— INSTRUCTIONS TO FOLLOW —
Write every line of the material again exactly, with no pictures in the copy.

— COLLECTED DATA —
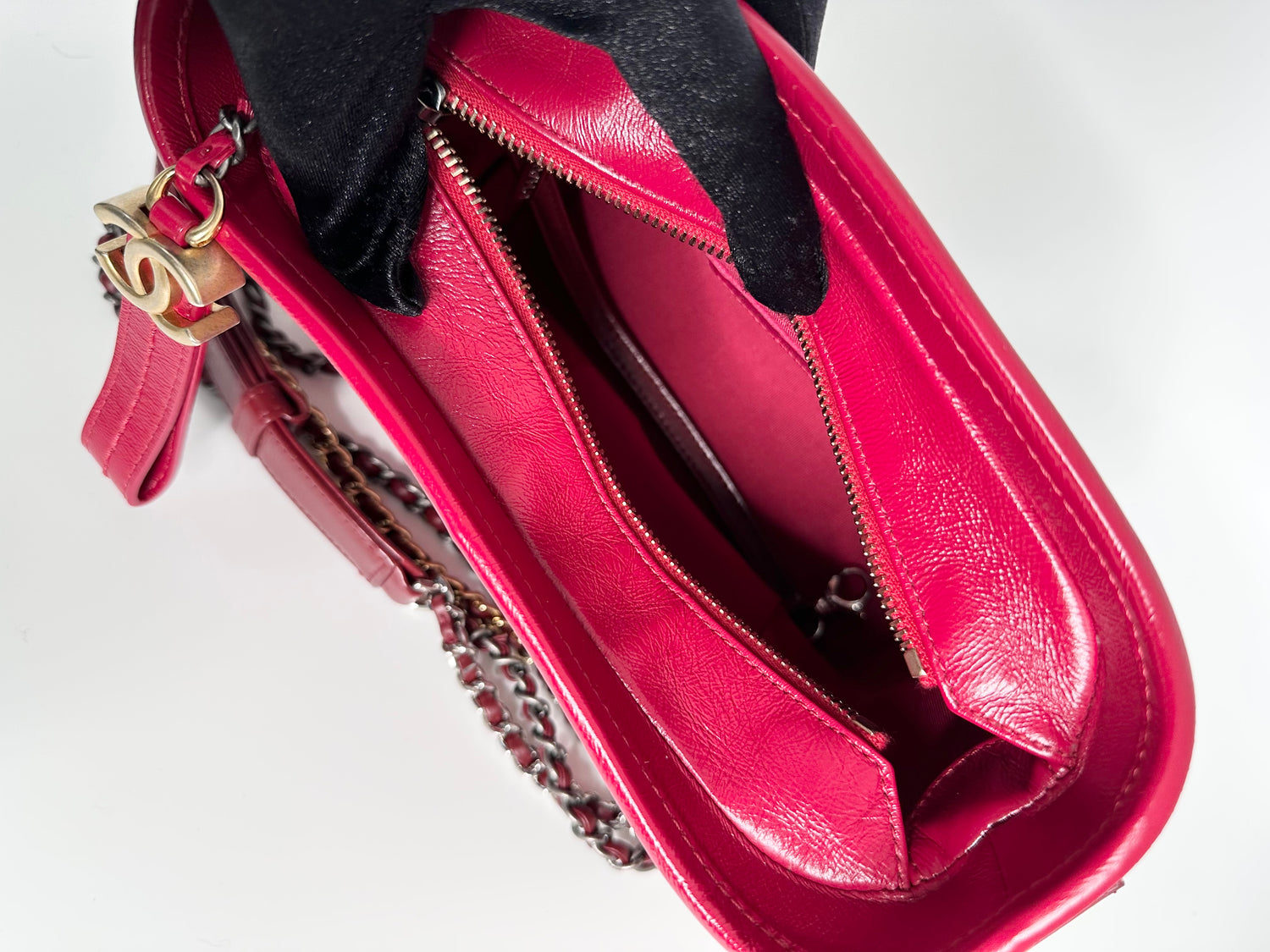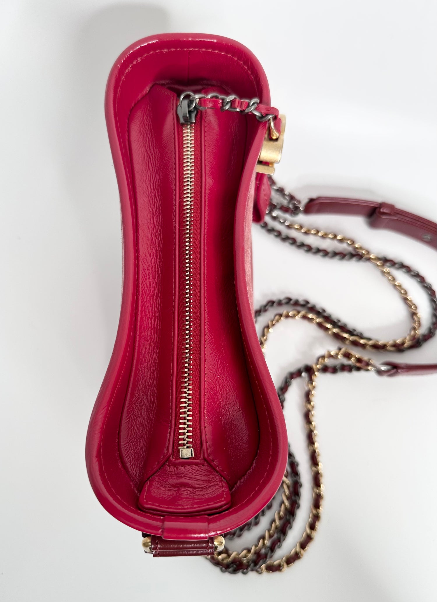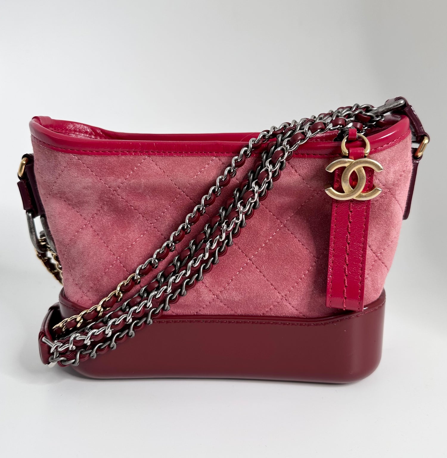 The Chanel Gabrielle bag was first introduced in 2017, and is said to take inspiration from virtual reality glasses with an effortlessly cool, contemporary style. Featuring diamond stitched suede leather in red and a matching calfskin base, this pre-owned bag opens to a spacious deep red interior with patch pockets. Perfect for holding all your daily essentials!
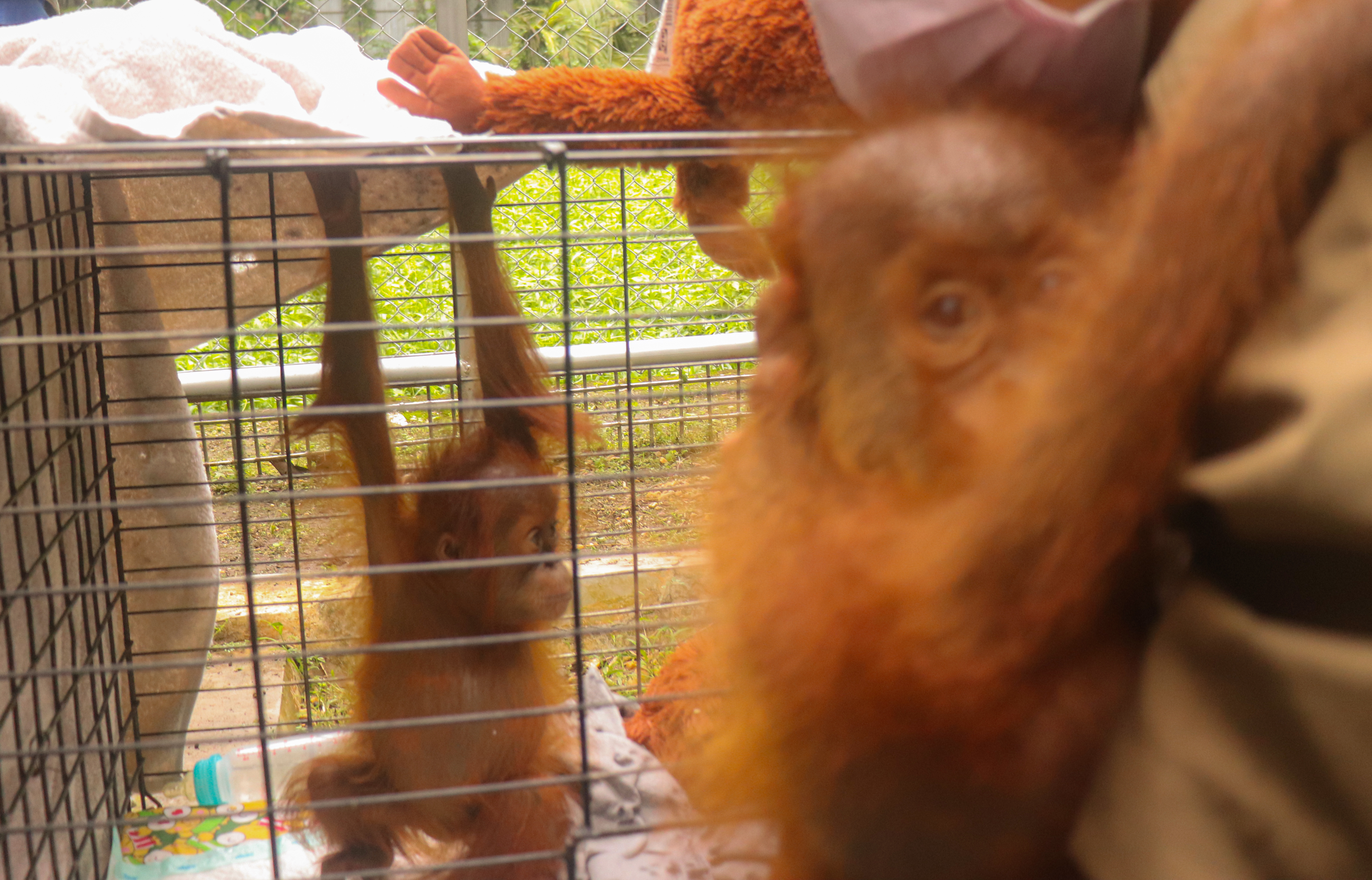 Sebelumnya pada tanggal 26 April 2021, Balai Konservasi Sumber Daya Alam (BKSDA) Bengkulu Lampung bersama dengan Kepolisian Sektor Kawasan Pelabuhan (KSKP) Bakauheni Polres Lampung Selatan, Balai Karantina Pertanian Wilayah Kerja Bakauheni dengan mitra NGO Jakarta Animal Aid Network (JAAN) dalam operasi di pelabuhan Bakauheni Lampung, berhasil menyelamatkan kedua orangutan ini yang diselundupkan dari Lubuk Pakam Sumatera Utara dengan cara diangkut menggunakan bus tujuan Tangerang. Saat ini kasusnya ditangani Penyidik Polres Lampung Selatan, dan kedua orangutan ini menjadi barang buktinya.
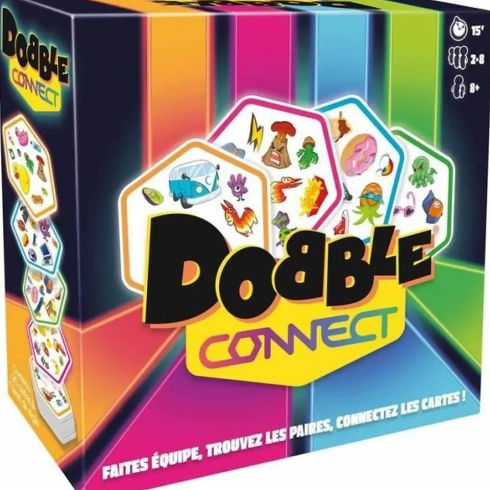 Jouez en équipe a Dobble Connect Zygomatic et soyez les premiers a aligner 4 cartes avec le meme symbole. De nouvelles regles amusantes pour s’amuser en famille ou entre amis ! Ce jeu de société convient aux joueurs à partir de 8 ans et peut etre utilisé en intérieur. Durée du jeu : 30 min.

— FINAL ANSWER —
 The Chanel Gabrielle bag was first introduced in 2017, and is said to take inspiration from virtual reality glasses with an effortlessly cool, contemporary style. Featuring diamond stitched suede leather in red and a matching calfskin base, this pre-owned bag opens to a spacious deep red interior with patch pockets. Perfect for holding all your daily essentials!
 Sebelumnya pada tanggal 26 April 2021, Balai Konservasi Sumber Daya Alam (BKSDA) Bengkulu Lampung bersama dengan Kepolisian Sektor Kawasan Pelabuhan (KSKP) Bakauheni Polres Lampung Selatan, Balai Karantina Pertanian Wilayah Kerja Bakauheni dengan mitra NGO Jakarta Animal Aid Network (JAAN) dalam operasi di pelabuhan Bakauheni Lampung, berhasil menyelamatkan kedua orangutan ini yang diselundupkan dari Lubuk Pakam Sumatera Utara dengan cara diangkut menggunakan bus tujuan Tangerang. Saat ini kasusnya ditangani Penyidik Polres Lampung Selatan, dan kedua orangutan ini menjadi barang buktinya.
 Jouez en équipe a Dobble Connect Zygomatic et soyez les premiers a aligner 4 cartes avec le meme symbole. De nouvelles regles amusantes pour s’amuser en famille ou entre amis ! Ce jeu de société convient aux joueurs à partir de 8 ans et peut etre utilisé en intérieur. Durée du jeu : 30 min.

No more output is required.